Here, briefly, and minus explanations, is a short list of other excellent beauties. We begin with the most well-known: Basically all of quantum mechanics. Next, the infinity of numbers comes in sizes—that’s right: some infinities are bigger than others, by rather a lot, it turns out. No one knows why, yet the proof for this fact is relatively easy to follow. Logic contains some of the strangest mysteries. First, classical logic is completely unable to represent its fundamental notion, the inference from one sentence to another, say from “X is a prime number bigger than 2”, to “X is an odd number.” Second, there exist logics that allow some statements to be both true and false at the same time. More shockingly, some philosophers argue that such “true contradictions” are required to correctly describe completely ordinary things like walking into a room or blinking your eyes. Thirdly, any logical system that contains numbers and operations like addition produces truths that are obviously true, but which cannot be proven; here truth extends beyond proof. There are more logic mysteries, but let’s move on.

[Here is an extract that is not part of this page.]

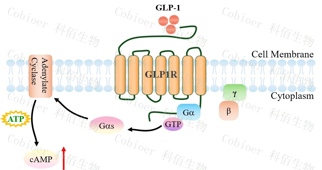 cAMP 在 G 蛋白偶聯(lián)受體(GPCR)信號轉(zhuǎn)導中是一種關鍵的第二信使。當配體結合到 GPCR,構象發(fā)生變化,激活受體接著激活 G 蛋白,Gs 的激活導致腺苷酸環(huán)化酶調(diào)控 cAMP 的升高。GLP1R 藥靶模型很好的模擬了體內(nèi) GLP1R 的信號轉(zhuǎn)導過程,原理見下圖所示。![]() Figure 1. GLP1R CHO 細胞模型原理圖 |

Here is a mystery involving something more ordinary: Did you know that there is a very old, currently undecipherable text complete with detailed colored drawings sitting in Yale University’s Beinecke Rare Book and Manuscript Library? The author, purpose, and meaning of the text are unknown. Attempts to decode it or translate it defy all modern techniques used by linguists and cryptologists (going clear back to World War I). It’s called the Voynich Manuscript. Most scholars believe it was written sometime in the fifteenth or sixteenth century, but no one is sure (recent carbon-14 dating does put the date of the vellum in the fifteenth century). The language the manuscript is written in, if indeed it is a language, is completely baffling. Detailed statistical analysis of the symbols making up the manuscript, however, leads most scholars to believe that it is in fact written in some language, just not one used by any known culture or people. Here’s a final example. Recently it has been discovered that science itself, in its quest to find and explain all that can be found and explained, produces paradoxes that completely undo all the assumptions science has to make to be science. Science, it turns out, must assume what it wants to prove. (All the references to the above mysteries can be found in Excellent Beauty, except the last one; that one can be found in the paper “Science generates limit paradoxes.”)

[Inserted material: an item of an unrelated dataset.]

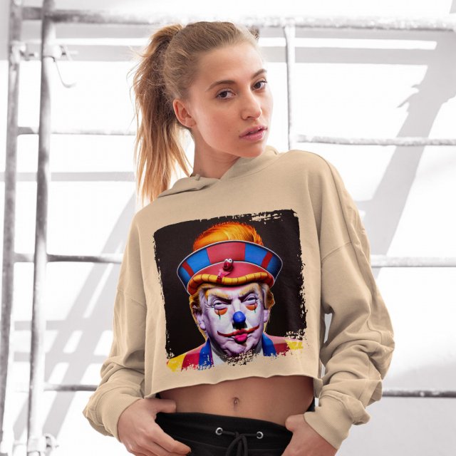 Trump As a Clown Women’s Cropped Fleece Hoodie – Printed Cropped Hoodie for Women – Graphic Art Hooded Sweatshirt

What does the existence of enduring mysteries, of excellent beauties, mean? We have seen that in a sense, religion and science are co-conspirators—they conspire to create a world that is flatly natural. The supernatural bits of religions are not real, being only the products of our over-active imaginations fixed by group membership. But the excellent beauties are real, they are waiting there for any one to find and marvel at, and they are not the products of over-active imaginations. What are they the products of? That is itself the final excellent beauty: how is it that we inhabit a world that contains so many foundational paradoxes, so many enduring mysteries? How is it that some of our science and knowledge-seeking provides us with fulfilling and affirming explanations, while other parts of it shock us with strange enigmas that cause us to question the very core of what we think we know? It appears that what our science is telling us, with increasing urgency, is that the universe is not fully open to our comprehension. But it is fully open to our sense of beauty. And in the end, that’s better.